Is it possible to solve or partially solve the equations. I mean is
there some algorithms or methods to solve the value of some variables?
Could anyone give me a hint about which part of mathematics does this
problem belong to?
Thank you in advance.
Best regards,
Xu
Dann Corbit
bde654...@l14g2000yql.googlegroups.com>, wangx...@gmail.com
says...
The easiest way to solve this sort of thing is with a program, assuming
that you have a comparison operator for the data types in your list.
For example, here is a C++ program that finds the minimum and maximum of
items in a list:
#include <cstdlib>
template <typename e_type>
void minmax(e_type * array, size_t arr_size, e_type * min_e,
e_type * max_e)
{
e_type min_e_type;
e_type max_e_type;
size_t index,
next;
if (arr_size % 2) {
min_e_type = array[0];
max_e_type = array[0];
next = 1;
} else {
if (array[0] > array[1]) {
max_e_type = array[0];
min_e_type = array[1];
} else {
min_e_type = array[0];
max_e_type = array[1];
}
next = 2;
}
for (index = next; index < arr_size; index += 2) {
if (array[index] > array[index + 1]) {
max_e_type = max_e_type > array[index] ? max_e_type : array
[index];
min_e_type = min_e_type < array[index + 1] ? min_e_type :
array[index + 1];
} else {
max_e_type = max_e_type > array[index + 1] ? max_e_type :
array[index + 1];
min_e_type = min_e_type < array[index] ? min_e_type : array
[index];
}
}
*min_e = min_e_type;
*max_e = max_e_type;
}
#ifdef UNIT_TEST
#include <cstdio>
char string[32767];
double foo[32767];
int main(void)
{
size_t index = 0;
double dmin,
dmax;
while (fgets(string, sizeof string, stdin)) {
foo[index++] = atof(string);
if (index > 32766)
break;
}
minmax(foo, index, &dmin, &dmax);
printf("min=%f, max=%f\n", dmin, dmax);
return 0;
}
#endif
/*
c:\dcorbit64\tmp>minmax
1
2
3
4
5
6
7
8
9
10
22
11
32
55
-3
2
11
7
^Z
min=-3.000000, max=55.000000
*/
Xu Wang
> On Jul 28, 10:19 am, Xu Wang <wangxu.n...@gmail.com> wrote:
>
> > Hi everyone,
>
> > I have to solve a set of equations with MIN operation.
>
> > MIN operation:
> > For an equation MIN{x1, x2, ..., xn} = a, "a" is the minimal value
> > among x1 to xn.
>
> > A set of equations with MIN operation is like:
>
> > MIN{x1, x2} = b
> > MIN{x3, x4} = c
> > MIN{x2+x3, x5} = d
>
> (assuming a, b, c, ... are all >= 0):
> minimize x1 + x2 +x3 + x4 + x5 + x6
> subject to
> x6 = x2 + x3,
> x1 >= b,
> x2 >= b,
> x3 >= c,
> x4 >= c,
> x5 >= d,
> x6 >= d.
>
> R.G. Vickson
>
> > .....
>
> > Is it possible to solve or partially solve the equations. I mean is
> > there some algorithms or methods to solve the value of some variables?

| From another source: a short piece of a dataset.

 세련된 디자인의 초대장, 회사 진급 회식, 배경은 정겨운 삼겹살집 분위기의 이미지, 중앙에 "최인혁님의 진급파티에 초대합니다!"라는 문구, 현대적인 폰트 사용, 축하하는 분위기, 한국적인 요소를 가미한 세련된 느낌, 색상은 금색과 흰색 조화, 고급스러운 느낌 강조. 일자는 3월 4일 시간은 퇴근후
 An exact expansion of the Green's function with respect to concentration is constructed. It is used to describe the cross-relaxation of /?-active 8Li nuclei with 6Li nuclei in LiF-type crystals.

> > Could anyone give me a hint about which part of mathematics does this
> > problem belong to?
>
>
> > Best regards,
> > Xu
>
>
I tried to solve it in linear programming the following example.
MIN{x1+x2, x3+x4} = 5
MIN{x2, x3+x4} = 3
as
x2 >= 3
x3+x4 >= 5
x1+x2 >= 5
the answer is
x1 = 1.2177
x2 = 3.1823
x3 = 2.5000
x4 = 2.5000
But I think this is not the answer, because
1. for MIN{x2, x3+x4} = 3, one of x2 and (x3+x4) must be 3,
2. it is easy to see that x2 = 3.
Xu
Xu Wang
I got a method. It is to solve the following equations.

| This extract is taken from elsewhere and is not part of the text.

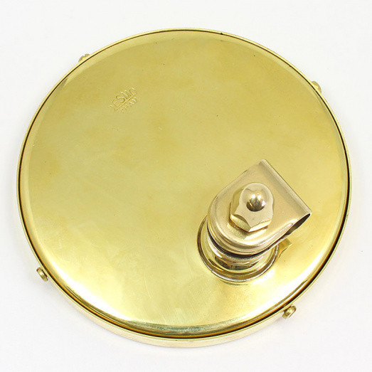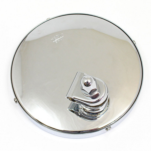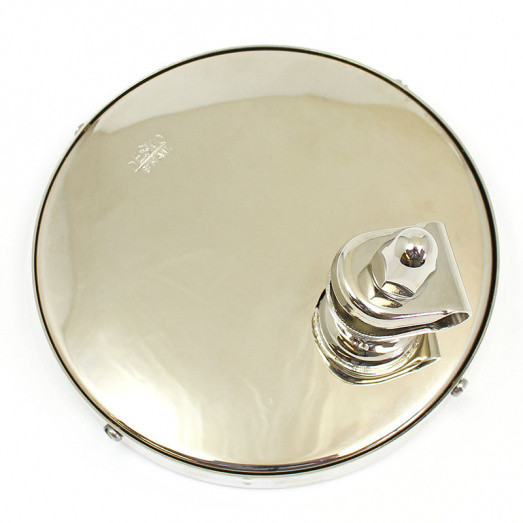 Round mirror, 4 3/4" (120mm) in diameter, stamped Desmo on rear of case. Supplied with convex or flat glass. Fitted with a 3/8" (10mm) mounting clamp as standard. All brass construction, available chromium or nickel plated, or in polished brass finish. This handmade British mirror is very similar in size and appearance to the Desmo No.52PI and Lucas 140 model mirrors.

MIN(x1, x2) = (x1+x2-|x1-x2|)/2 = b
...
x1 >= b
x2 >= b
...
Is there some ways to solve these equations?
Thank you.
Xu
Torsten Hennig
min(x,y) = a
can either be rewritten as
x = a
y >= a
or as
x >= a
y = a.
So you could solve two LP's and see which one yields
a feasible solution.
If the number of min-operators is n, this method gives
2^n LPs to be solved - so only use it if n is small.
Best wishes
Torsten.
Ray Vickson
You are correct, and I removed my message; my newsreader/poster
removed it, but some others might not. The problem arises from the
presence of summed x_j terms in the 'mins'; without that, the method
would be OK.
Your problem CAN be correctly formulated as a _mixed-integer_
programming problem. Look at the first equation min{x1+x2, x3+x4} = 5.
Suppose we have known upper bounds U on the x_j; that is, let's assume
we want x_j <= U for all j. We can sometimes say a priori what some
reasonable bounds are, but if not, just specify some 'large' number.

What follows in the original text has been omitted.